Source data:
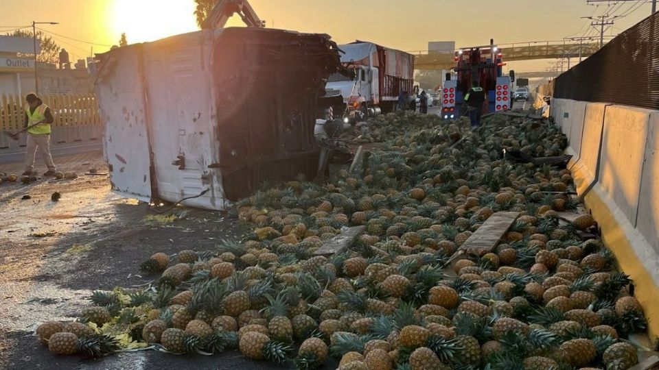 La volcadura de un camión tipo tortón que transportaba varias toneladas de piña provocó caos vial en la autopista México-Puebla, a la altura del kilómetro 24, con dirección a la Ciudad de México.
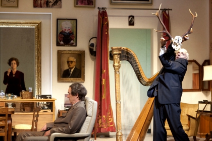 Cette mécanique s’éraille parfois, et l’inquiétant surgit alors, quand le sang coule d’un nez ou sur une main, quand les corps chutent au sol, ou quand un vase est violemment éclaté sur un visage. De même, des apartés soulignés par des atmosphères plus sombres font entendre des confidences, des révélations ou des rêves, en décalage complet avec ce qui a lieu sur scène, et font atteindre à autre chose, donnent une autre dimension à la représentation, avant que ces ouvertures ne soient rebouchées par un nouveau gag. L’intrigue disparaît derrière le fonctionnement instable du langage et les jeux scéniques, ce qui a pour effet de déplacer les affrontements de l’extérieur à l’intérieur. Les personnages apparaissent alors comme des pantins soumis à leurs instincts et à leurs inconscients, en lutte avec le monde et avec eux-mêmes plus qu’avec les autres.
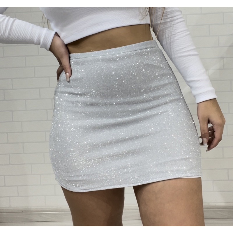Saia de Lurex Cintura Alta Glamour SXY Festas Balada Eventos Casual Moda Gringa 2025
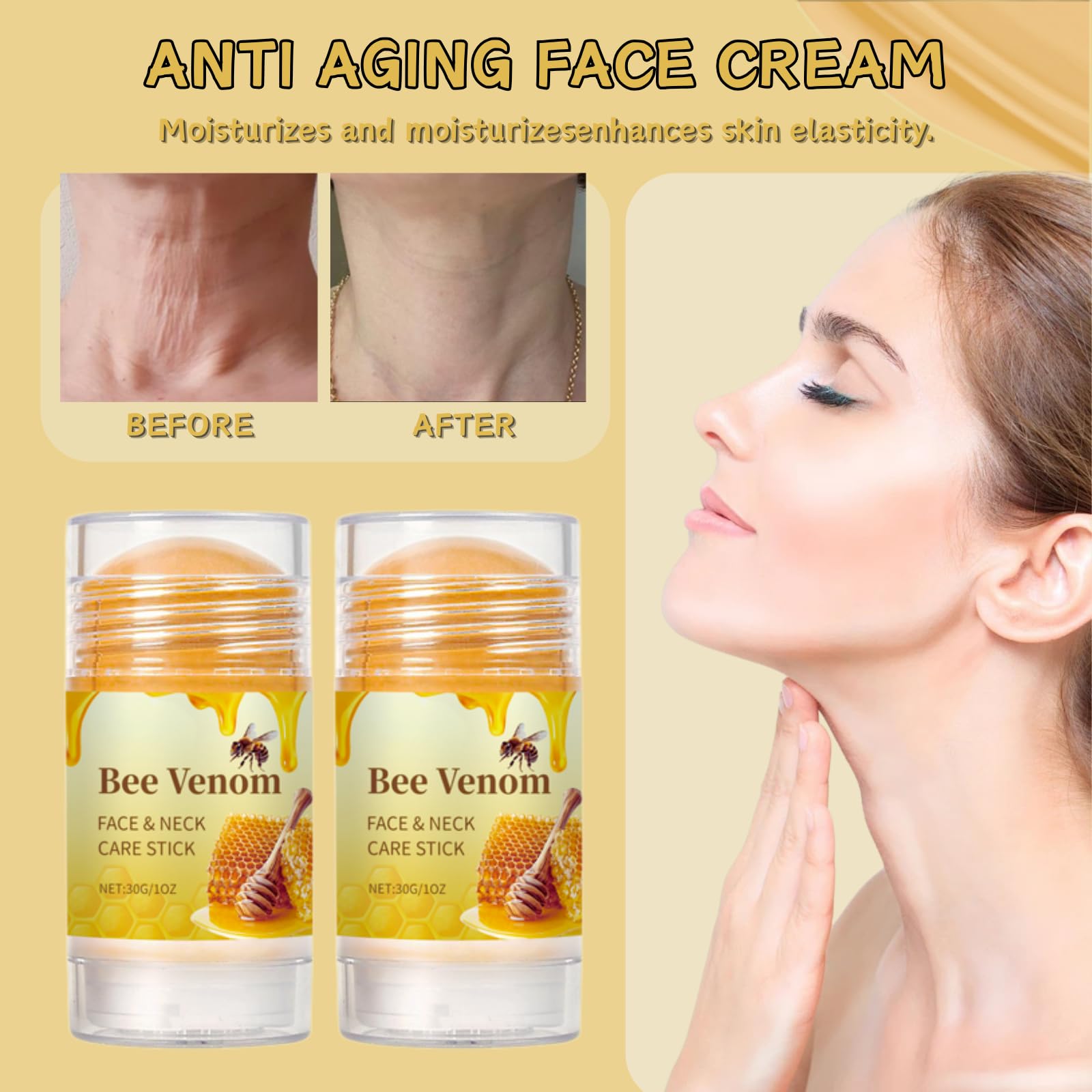 Product Introduction:Experience revolutionary care with this multi-action skin tightening cream for face and neck, formulated to combat visible signs of aging. Powered by bee venom peptides and nourishing botanicals, it acts as a wrinkle filler while delivering the benefits of a brightening serum. The innovative firming serum stick design ensures precise application for stubborn areas like double chin and jawline.

Exercise prompt: With all pictures left out, please transcribe exactly the lines from the start of the material through the line with "Saia de Lurex".

Solution to this task:
 La volcadura de un camión tipo tortón que transportaba varias toneladas de piña provocó caos vial en la autopista México-Puebla, a la altura del kilómetro 24, con dirección a la Ciudad de México.
 Cette mécanique s’éraille parfois, et l’inquiétant surgit alors, quand le sang coule d’un nez ou sur une main, quand les corps chutent au sol, ou quand un vase est violemment éclaté sur un visage. De même, des apartés soulignés par des atmosphères plus sombres font entendre des confidences, des révélations ou des rêves, en décalage complet avec ce qui a lieu sur scène, et font atteindre à autre chose, donnent une autre dimension à la représentation, avant que ces ouvertures ne soient rebouchées par un nouveau gag. L’intrigue disparaît derrière le fonctionnement instable du langage et les jeux scéniques, ce qui a pour effet de déplacer les affrontements de l’extérieur à l’intérieur. Les personnages apparaissent alors comme des pantins soumis à leurs instincts et à leurs inconscients, en lutte avec le monde et avec eux-mêmes plus qu’avec les autres.
Saia de Lurex Cintura Alta Glamour SXY Festas Balada Eventos Casual Moda Gringa 2025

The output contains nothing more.